Ideally we should override 'equals()' method also. But it doesn't matter from sorted set perspective.

Appreciate your help.

Upvotes: 1

Views: 954

Answers (4)

Pabitra Muni
Pabitra Muni

Reputation: 19

This is not an answer, rather a solution to achieve the objective based on root cause finding by @Michael and @Jochen. Modified the Item class comparator to below to have natural order of value String.

public int compareTo(Item o) {
   return this.value.compareTo(o.value);
}

And then, added an index based comparator to achieve FIFO retrieval.

// This iterator would now be used in assertItems() method in main class.
private Iterator<Item> getFIFOIterator() {
        ArrayList<Item> list = new ArrayList<>(set);
        list.sort(Comparator.comparingInt(Item::getIndex));
        return list.iterator();
    }

@Michael and @Jochen : Appreciate you for taking your time and figuring out the root cause.

Upvotes: 0

Jochen Reinhardt
Jochen Reinhardt

Reputation: 843

In your compareTo-implementation you are mixing two different properties in an illegal way. Thus you break the contract of the Comparable interface.

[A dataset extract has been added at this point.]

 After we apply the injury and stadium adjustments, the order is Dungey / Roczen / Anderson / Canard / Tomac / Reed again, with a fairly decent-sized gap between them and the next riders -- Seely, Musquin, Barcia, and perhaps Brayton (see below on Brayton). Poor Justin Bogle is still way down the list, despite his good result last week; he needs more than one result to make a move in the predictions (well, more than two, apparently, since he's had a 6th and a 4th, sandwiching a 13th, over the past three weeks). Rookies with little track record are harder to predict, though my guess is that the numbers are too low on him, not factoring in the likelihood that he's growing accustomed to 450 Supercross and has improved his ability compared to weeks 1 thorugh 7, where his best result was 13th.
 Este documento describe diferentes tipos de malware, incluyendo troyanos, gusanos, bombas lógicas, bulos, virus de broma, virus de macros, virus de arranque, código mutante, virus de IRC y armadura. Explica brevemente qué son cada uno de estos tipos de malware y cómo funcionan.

In your comparison, you look at the index only if the values are not equal. This way you do not define an overall natural order for your items. Depending on what comparison is done first, the result of sorting a list will be random.

    @Override
    public int compareTo(Item o) {
        int vCompare = this.value.compareTo(o.value);
        if (vCompare == 0) {
            return  this.index - o.index;
        }
        return vCompare;
    }

This implementation will first compare by value and then by index. It adheres to the Comparable contract and actually defines a natural order for Items and works fine with the Set implementation.

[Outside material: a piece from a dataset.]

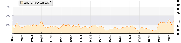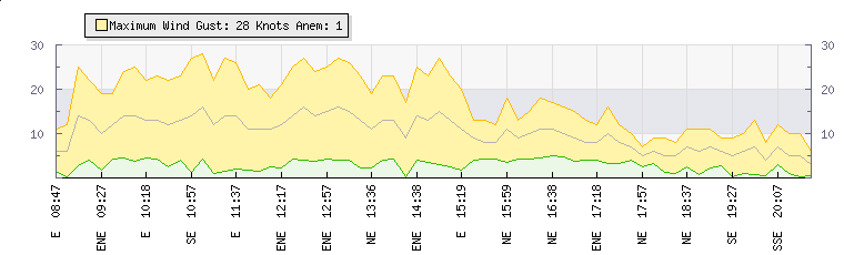 In the last few minutes the wind was East North East at an average speed of 13 knots, reaching up to 23 knots and a low of 2 knots. The gust strength is21 knots above the minimum speed |

Caution: This sample implementation will break the tests. The tests are there to show the code behaves as intended. But in this case the intended behavior is the actual issue.

  • It is incompatible with the Comparable contract.
  • You cannot sort a list by numeric index and expect a lookup by alphabetical value to succeed. But that's exactly what is attempted here. Sort by index but find duplicate names. It does not work this way.

Upvotes: 2

Michael
Michael

Reputation: 44090

You have broken the contract of compareTo, which results in undefined behaviour.

Finally, the implementor must ensure that x.compareTo(y)==0 implies that sgn(x.compareTo(z)) == sgn(y.compareTo(z)), for all z.

You can easily see that you fail this requirement by pulling your Items out into variables:

final Item x = new Item("yyyy", index.getAndIncrement());
final Item z = new Item("bbbb", index.getAndIncrement());
final Item y = new Item("yyyy", index.getAndIncrement());

System.out.println(x.compareTo(y));
System.out.println(x.compareTo(z));
System.out.println(y.compareTo(z));

Output:

0
-1
1

The signs are different, therefore the contract has been broken.

Upvotes: 2

Anirudh Simha
Anirudh Simha

Reputation: 360

I don't know the implementation of ConcurrentSkipListSet in detail, but it looks like you need to override the equals method of your class to specify what qualifies two objects to be equal.